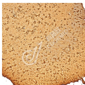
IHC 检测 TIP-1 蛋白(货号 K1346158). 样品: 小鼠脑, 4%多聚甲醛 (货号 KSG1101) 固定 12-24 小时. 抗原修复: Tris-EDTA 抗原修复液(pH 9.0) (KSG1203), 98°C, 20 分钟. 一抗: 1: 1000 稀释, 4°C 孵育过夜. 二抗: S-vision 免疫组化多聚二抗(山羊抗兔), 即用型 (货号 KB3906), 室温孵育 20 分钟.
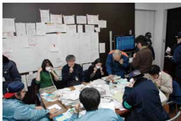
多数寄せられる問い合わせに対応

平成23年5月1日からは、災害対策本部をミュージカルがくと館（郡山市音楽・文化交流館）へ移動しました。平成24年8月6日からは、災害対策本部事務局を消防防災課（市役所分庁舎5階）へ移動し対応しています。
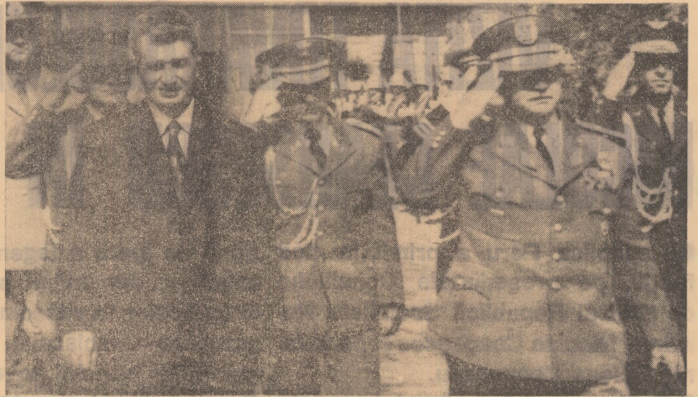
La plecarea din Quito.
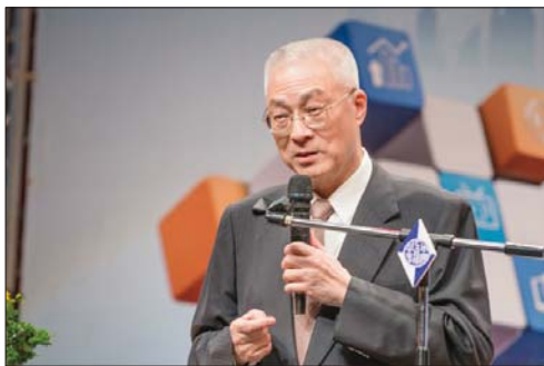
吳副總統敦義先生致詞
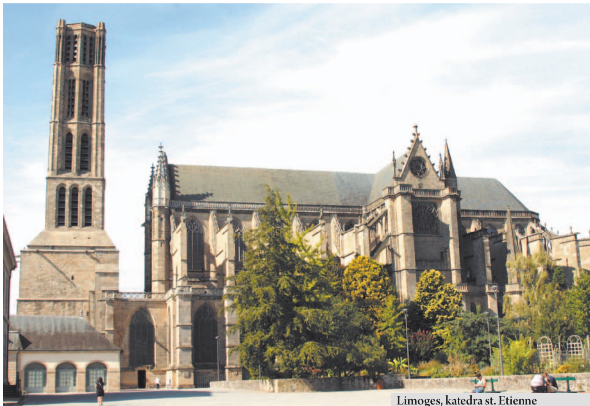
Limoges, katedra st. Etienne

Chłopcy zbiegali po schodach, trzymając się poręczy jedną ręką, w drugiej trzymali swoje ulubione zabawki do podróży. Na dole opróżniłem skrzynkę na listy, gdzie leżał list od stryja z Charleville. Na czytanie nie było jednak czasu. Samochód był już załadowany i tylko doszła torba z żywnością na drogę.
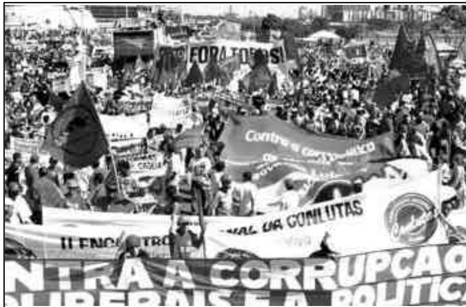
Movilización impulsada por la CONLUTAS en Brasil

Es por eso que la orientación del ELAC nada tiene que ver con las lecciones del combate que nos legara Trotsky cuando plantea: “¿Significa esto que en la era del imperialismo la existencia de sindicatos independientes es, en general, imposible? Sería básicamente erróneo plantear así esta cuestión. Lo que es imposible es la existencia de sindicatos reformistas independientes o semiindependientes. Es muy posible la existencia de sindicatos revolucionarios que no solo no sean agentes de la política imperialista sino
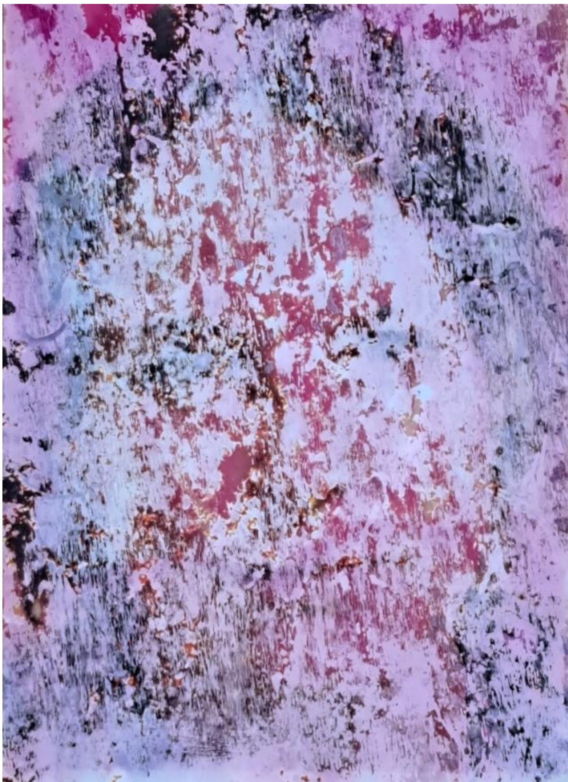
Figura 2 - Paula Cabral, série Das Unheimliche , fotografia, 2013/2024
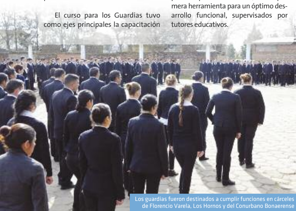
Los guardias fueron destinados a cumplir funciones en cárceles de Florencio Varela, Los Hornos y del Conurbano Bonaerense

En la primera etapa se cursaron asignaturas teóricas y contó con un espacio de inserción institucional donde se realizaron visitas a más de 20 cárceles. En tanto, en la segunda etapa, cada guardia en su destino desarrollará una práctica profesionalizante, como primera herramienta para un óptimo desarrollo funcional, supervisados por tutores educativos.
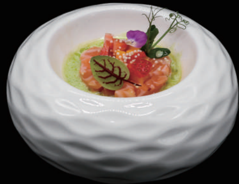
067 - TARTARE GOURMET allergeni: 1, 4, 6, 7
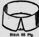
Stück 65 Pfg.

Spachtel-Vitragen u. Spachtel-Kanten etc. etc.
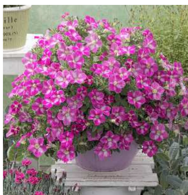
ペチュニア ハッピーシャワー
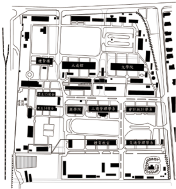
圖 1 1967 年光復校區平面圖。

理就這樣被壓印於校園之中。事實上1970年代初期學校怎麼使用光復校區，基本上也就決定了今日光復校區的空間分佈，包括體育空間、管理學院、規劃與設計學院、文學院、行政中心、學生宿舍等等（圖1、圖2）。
------------------------
→ Exercise prompt:
Give the lines again exactly, beginning with the first line of the records above and ending with the line that contains "Movilización impulsada por", and include no pictures.

→ The answer:
IHC 检测 TIP-1 蛋白(货号 K1346158). 样品: 小鼠脑, 4%多聚甲醛 (货号 KSG1101) 固定 12-24 小时. 抗原修复: Tris-EDTA 抗原修复液(pH 9.0) (KSG1203), 98°C, 20 分钟. 一抗: 1: 1000 稀释, 4°C 孵育过夜. 二抗: S-vision 免疫组化多聚二抗(山羊抗兔), 即用型 (货号 KB3906), 室温孵育 20 分钟.
多数寄せられる問い合わせに対応

平成23年5月1日からは、災害対策本部をミュージカルがくと館（郡山市音楽・文化交流館）へ移動しました。平成24年8月6日からは、災害対策本部事務局を消防防災課（市役所分庁舎5階）へ移動し対応しています。
La plecarea din Quito.
吳副總統敦義先生致詞
Limoges, katedra st. Etienne

Chłopcy zbiegali po schodach, trzymając się poręczy jedną ręką, w drugiej trzymali swoje ulubione zabawki do podróży. Na dole opróżniłem skrzynkę na listy, gdzie leżał list od stryja z Charleville. Na czytanie nie było jednak czasu. Samochód był już załadowany i tylko doszła torba z żywnością na drogę.
Movilización impulsada por la CONLUTAS en Brasil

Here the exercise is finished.